De Esso tankpas welke aan [medeverdachte 1] verstrekt is, is voorzien van kaartnummer: [nummer] .
Ik kan u zeggen dat ik gezien heb dat er afgelopen vrijdag, 28 april 2017, een hoeveelheid, 284,63 liter ongelood brandstof is getankt ter hoogte van de Esso gelegen aan [adres] te Eindhoven. Deze opname is gedaan met tankpas welke afgegeven op kaartnummer [nummer] .
Ik heb niemand toestemming gegeven om misbruik te maken van onze brandstofpassen.
2.
Een proces-verbaal van verhoor aangeefster, voor zover inhoudend als verklaring van [aangeefster] , zakelijk weergegeven: [3]
Op het moment van aangifte had ik niet de beschikking over bewijs dat er brandstof getankt was middels de tankpassen van [bedrijf] zonder onze toestemming.
Bij deze overhandig ik u de ontvangen factuur van EDC, welke de leverancier is waar wij brandstof bij afnemen middels een tankpas. Op deze factuur is te zien dat er op 2 mei 2017 omstreeks 02.46 uur, 500,02 liter benzine getankt zou zijn ter waarde van 749,53 euro. Tevens overhandig ik u een print van de locatie waar de brandstof op 2 mei 2017 getankt zou zijn. [Het] betreft [het] tankstation aan [adres] te Eindhoven. Het betreft een brandstofafname van 500,02 liter benzine, welke getankt zou zijn met tankpasnummer [nummer] . Deze kaart is verstrekt aan toenmalig medewerker
[medeverdachte 1] .
3.
Een proces-verbaal van verhoor verdachte, voor zover inhoudende als weergave van het verhoor van [medeverdachte 1] : [4]
V: Vraag verbalisant
A: Antwoord verdachte
V: Hoe was het geregeld met betrekking tot tanken van de bedrijfswagen en de
machines?
A: Bij het verstrekken van de tankpassen werd mij medegedeeld dat ik de passen voor bedrijfsdoeleinden mocht gebruiken maar niet privé gebruik.
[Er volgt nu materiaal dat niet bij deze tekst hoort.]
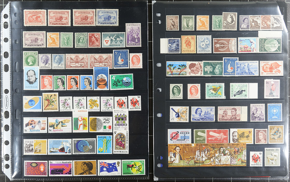 Lovely collection / accumulation of mint Australia, 1930's-2002, containing many hundreds of stamps in several stock pages. The lot generally ranges from Scott #147/2050a, noting singles, sets, partial sets, blocks and gutter blocks, booklets and panes, souvenir sheets, etc. A spot check indicated a few items cataloguing $10 and up including #147-149 (mh. $55 total), with owner's 2013 Scott catalogue value for the lot totaling $1,259.00 ($1699.55 CDN). Face value alone would be a few hundred dollars. A nice clean lot for collector and dealers alike, with a mix of hinged and never hinged material, clean and very fine. Estimate =
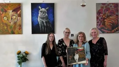 Obraz kočky Evičky se v srpnu podařilo vydražit za 20 tisíc korun. Kmotrou obrazu byla herečka Eva Leinweberová (třetí zleva). _ foto: Simona Polcarová

V: Jouw werkgever heeft aangifte gedaan van diefstal hetzij ongeoorloofd gebruik van tankpassen, hetzij het wegnemen van brandstof, wat kun je hier over verklaren?
A: Ik ben verslaafd ben aan cocaïne, ik koop dat spul van een maat van mij, [verdachte] . Ik kan hem daar geen geld voor geven omdat ik dat niet altijd heb. Ik heb mijn tankpas aan [verdachte] gegeven als betaling voor cocaïne.
V: Je hebt het over ene [naam] , ik laat jou een foto zien van, zoals wij hem
kennen, [naam] van [geboortedatum] , wie bedoel daarmee?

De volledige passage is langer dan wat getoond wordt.